# World Orchestras acronyms (Staatskapelle Berlin)



## Skakner (Oct 8, 2020)

I'm creating a spreadsheet with my music collection and although I haven't decided yet if I'll use full names or abbreviations, some of them are tough nuts.

I'm trying to find the acronym of *Staatskapelle Berlin* but there's nothing on the internet.

Even this specialized site has nothing.

https://www.allacronyms.com/orchestra/abbreviations

SD stands for _Staatskapelle Dresden_ but alas, SB stands for _Santa Barbara Symphony_ 

Any help?


----------



## Heck148 (Oct 27, 2016)

"SKB"...........??


----------



## Skakner (Oct 8, 2020)

Obvious guess, but no, it's not!

If I don't find something valid, I'll make up my own acronym, like STKB or the above-mentioned SKB.


----------



## Merl (Jul 28, 2016)

I'd go with SKB personally but as long as you know what it is that is all that matters.


----------



## KevinW (Nov 21, 2021)

I don't think there is one, as Staatskapelle Dresden does not have one neither. You can have your own code of abbreviation.


----------



## KevinW (Nov 21, 2021)

Maybe you should translate Staatskapelle Dresden into Dresden National Orchestra, as DNO?


----------



## Subutai (Feb 28, 2021)

Staatskapelle Dresden

Staats (State)
Kapelle (Chapel)
Dresden 

Dresden State Chapel - DSC (English) or SCD (literal)


----------



## Skakner (Oct 8, 2020)

Merl said:


> I'd go with SKB personally but *as long as you know what it is that is all that matters*.


Exactly!
SKB will be my choice.


----------



## FrankinUsa (Aug 3, 2021)

Most respectfully,what difference does it make. There are some orchestras that go by acronyms and most do not. It’s an unwritten rule.


----------



## haziz (Sep 15, 2017)

The purpose of language is communication and exchange of knowledge. Unless an abbreviation or acronym is widely accepted, easily understood and relatively unambiguous as to meaning then it has failed at it's intended purpose.

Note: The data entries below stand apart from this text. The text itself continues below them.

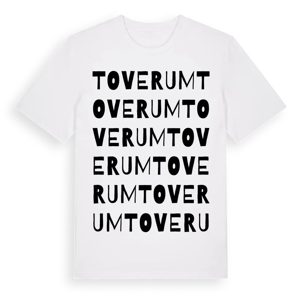Toverum ordlek t-shirt är inspirerad av byn Toverum i Kalmar län, Sverige. Tröjan är designad för dig som har en speciell koppling till platsen – oavsett om du bor här, har rötterna här eller bara älskar Toverum.
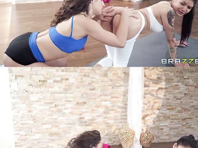Blonde Dakota Skye getting pounded on all fours on a yoga mat
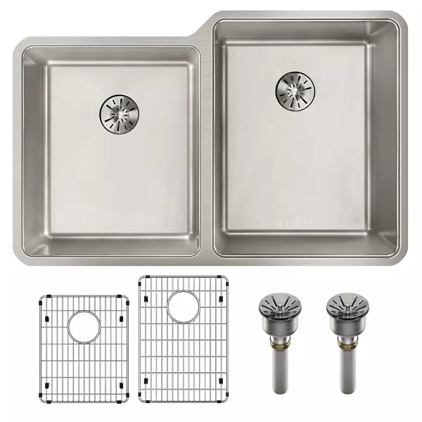 Details: Elkay ELUHH312 Lustertone Iconix Stainless Steel 31-1/4" x 20-1/2" Double Bowl Undermount Sink Kit w/ Perfect Drain
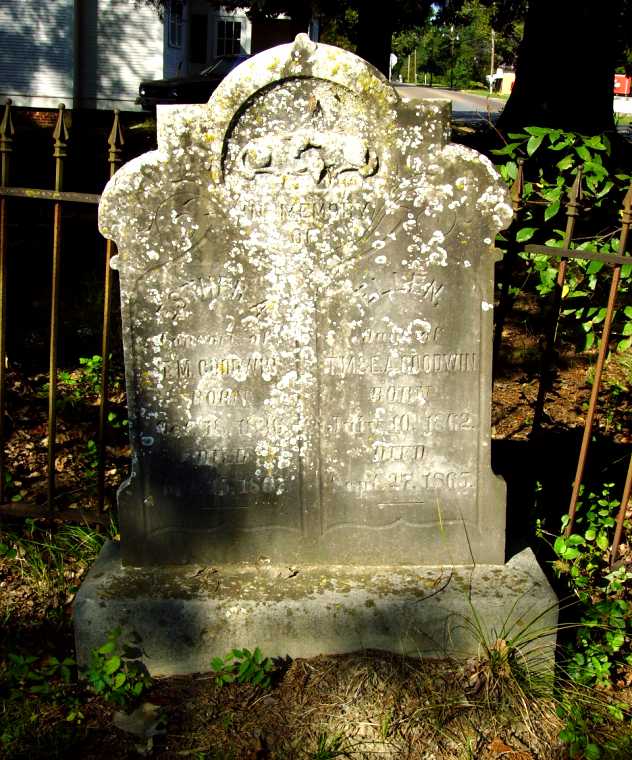 PIC 1 - ESTHER A. GOODWIN; 10-18-1836 - 12-15-1865; CONSORT OF T. M. GOODWIN; PIC 2 - MARY; INSIDE FENCE WITH PIC 1 PIC 3 - NO NAME PIC 4 - LEANN BALDWIN; 7-25-1851; DAU OF M. & NANCY D. BALDWIN; 19 YRS. 8 MOS. PIC 5 - EMILY ALLIS VAN VALKENBURGH; 1-1-1810 - 1888; GRAVESITE LOST PIC 6 - WILLIAM MOORE VAN VALKENBURGH; 1-6-1810 - 9-15-1866; GRAVESITE LOST PIC 7 - JNO. W. RAMSEY; 1801 - 1864 PIC 8 - J. H. B. PIC 9 - ROBERT L. NEELY; 10-18-1834 - 7-6-1877 PIC 10 - DR. W. T. NEELY; 4-12-1832 - 6-6-1862; SACRED TO THE MEMORY OF PIC 11 - DIED SEPT. 1869 PIC 12 - AGED 28 YRS. 2 MOS. 22 DAS.; MAY WE MEET AGAIN PIC 13 - WIFE OF SAMUEL HALLEY; 10-31-1816 - 6-17-1862; AGED 45 YRS. 7 MOS. 16 DAS.; |
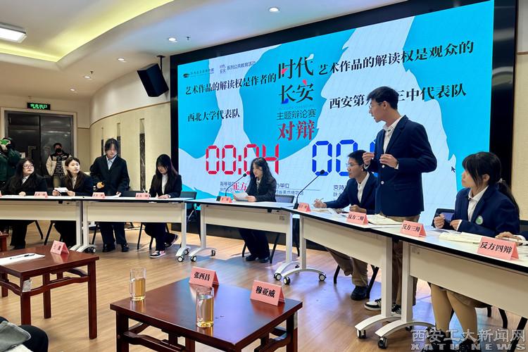 學生通過認真觀展與參與體驗,深刻領會畫家筆觸和時代背景對人物精神風貌的塑造,領略陜西當代中國人物畫的風采與魅力。隨后,進入學術報告廳觀看“AI繪畫是不是藝術”、“藝術作品的解讀權是作者還是觀眾的”兩場藝術類主題辯論賽,并與現場學者、藝術家互動。
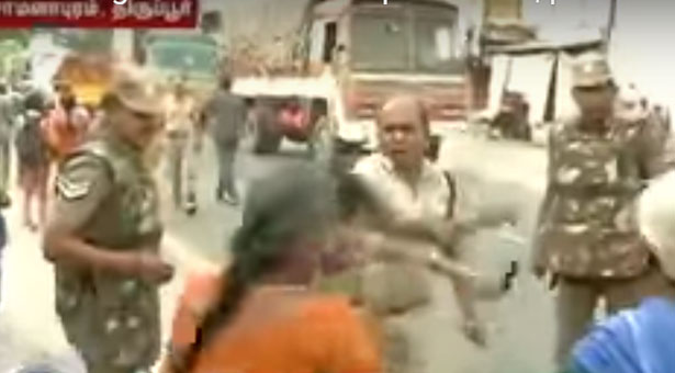போலீசார் போராட்டத்தில் ஈடுபட்ட பெண்களை ஓட ஓட அடித்து விரட்டுகின்றனர். சில பெண்கள் நாங்கள் அமைதியான முறையில்தான் போராட்டம் நடத்துகிறோம், கடையை அகற்ற வேண்டும் என்பதுதான் எங்களது கோரிக்கை எங்களை ஏன் இப்படி அடிக்கிறீர்கள் என கேள்வி எழுப்பினர். இருப்பினும் போலீசார் போராட்டக்காரர்களை அடித்து விரட்டினர். இச்சம்பவத்தினால் அங்கு பெரும் பதற்றம் ஏற்பட்டு உள்ளது.
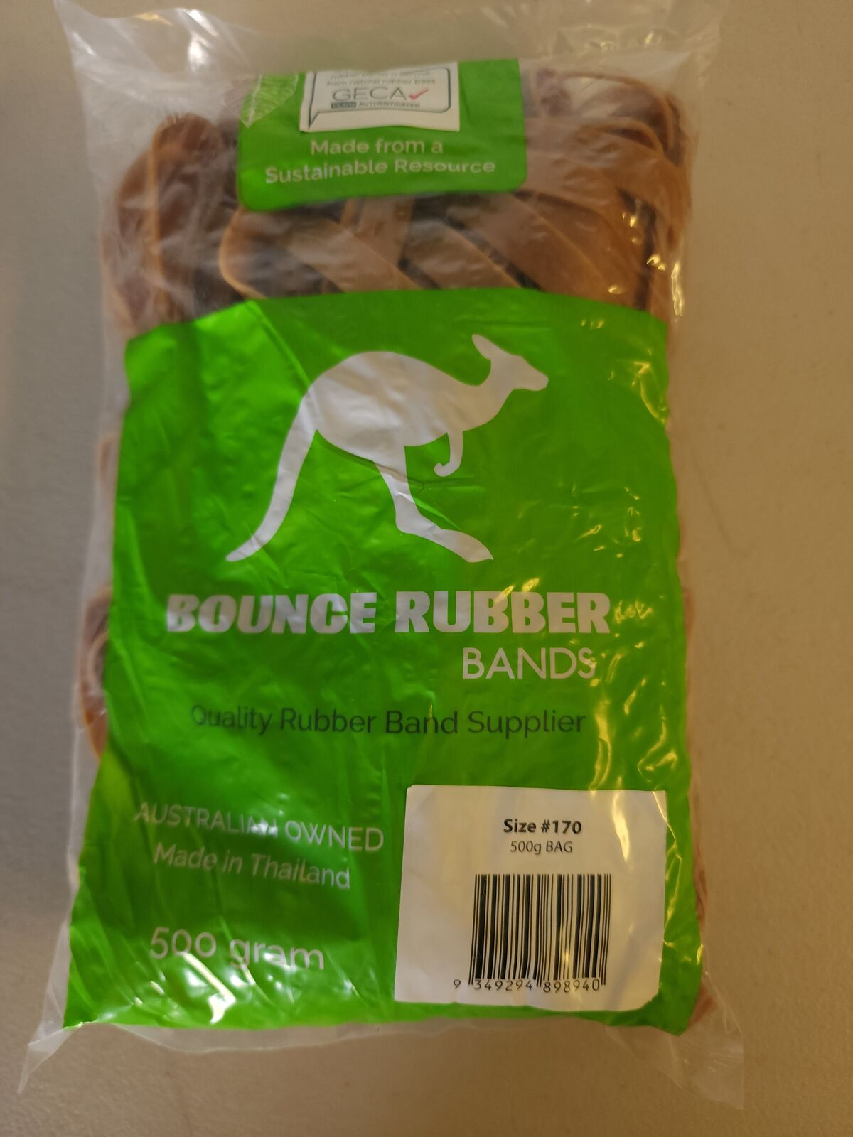 Rubber Bands #170 bag 500gram (often measuring around 160mm in length by 12mm wide)
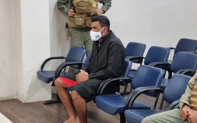 Daniel Galdino Dias, acusado de matar dois adultos e duas crianças da mesma família, no crime que ficou conhecido como ‘chacina de Guaxuma’, senta no banco dos réus nesta quinta-feira (24).
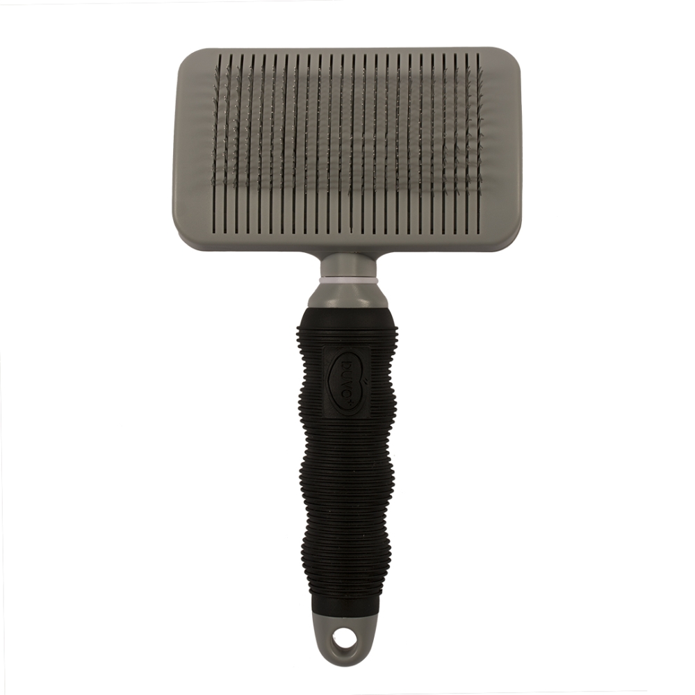 Mit dieser duvoplus-Zupfbürste entfernen Sie überflüssiges Haar und Knoten aus dem Fell. Die sehr feinen gebogenen Zinken helfen Ihnen auch, die dicke Unterwolle vorsichtig ohne Hautreizungen auszudünnen. Äußerst gut geeignet für Katzen und Hunde mit dickem, langem oder krausem Fell. Durch das Selbstreinigungssystem drücken Sie mit einer Daumenbewegung alle Haare einfach durch die Zinken heraus. Wenn Sie Ihren Vierbeiner regelmäßig bürsten, halten Sie das Fell glänzend und gesund und haben darüber hinaus weniger Reinigungsarbeiten zu Hause und im Auto. Der ergonomische Griff liegt angenehm in der Hand und besteht aus langlebigem TPR-Gummi.
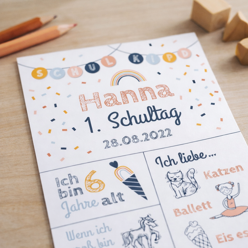 Unsere Einschulungstafel ist ein hochwertiger Druck im liebevoll gestalteten Rosa-Konfetti-Design. Sie wird individuell an die Interessen eures Kindes angepasst und mit viel Sorgfalt gestaltet. Dabei achten wir stets darauf, ansprechende und passende Motive auszuwählen.
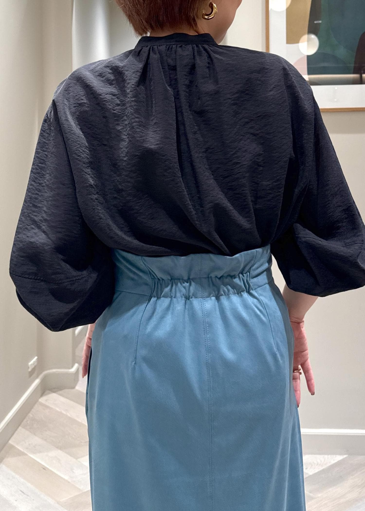 ROPÉキュプラシルクボリュームスリーブブラウス/イージーケアブラック / F¥19,800レビュー程よく厚みがあり1枚でも着やすい生地感。

Just because you want there to be an acronym for a particular orchestra does not mean that the rest of the world will follow you down that path!

I don't speak German, so take this with with a grain of salt, but my assessment that Staatskapelle Dresden and Staatskapelle Berlin simply do not have an acronym! Just because you want them to somehow have one does not make it so.

*P.S. *Re-reading your original post, this looks like it will be for your very own database, so I guess there is little harm done if you pick your own abbreviation, however I would still suggest not trying to force it. Think about looking at entries 10 or 15 years down the line, unless you create and clearly document a key of abbreviations, you may find yourself scratching your head and wondering what some spreadsheet entries mean. Clarity is important, even if it means some deviation from brevity.


----------



## Rogerx (Apr 27, 2018)

Skakner said:


> Exactly!
> SKB will be my choice.


There is a site on the net where you can suggest it to make official.


----------



## superhorn (Mar 23, 2010)

The Staatskapellke, Dresden now goes by its original name, the Saxon State orchestra ( Sachsische Staatskapelle, or something like this. And the Dresden State opera is now called the Sachsische Staatsoper .


----------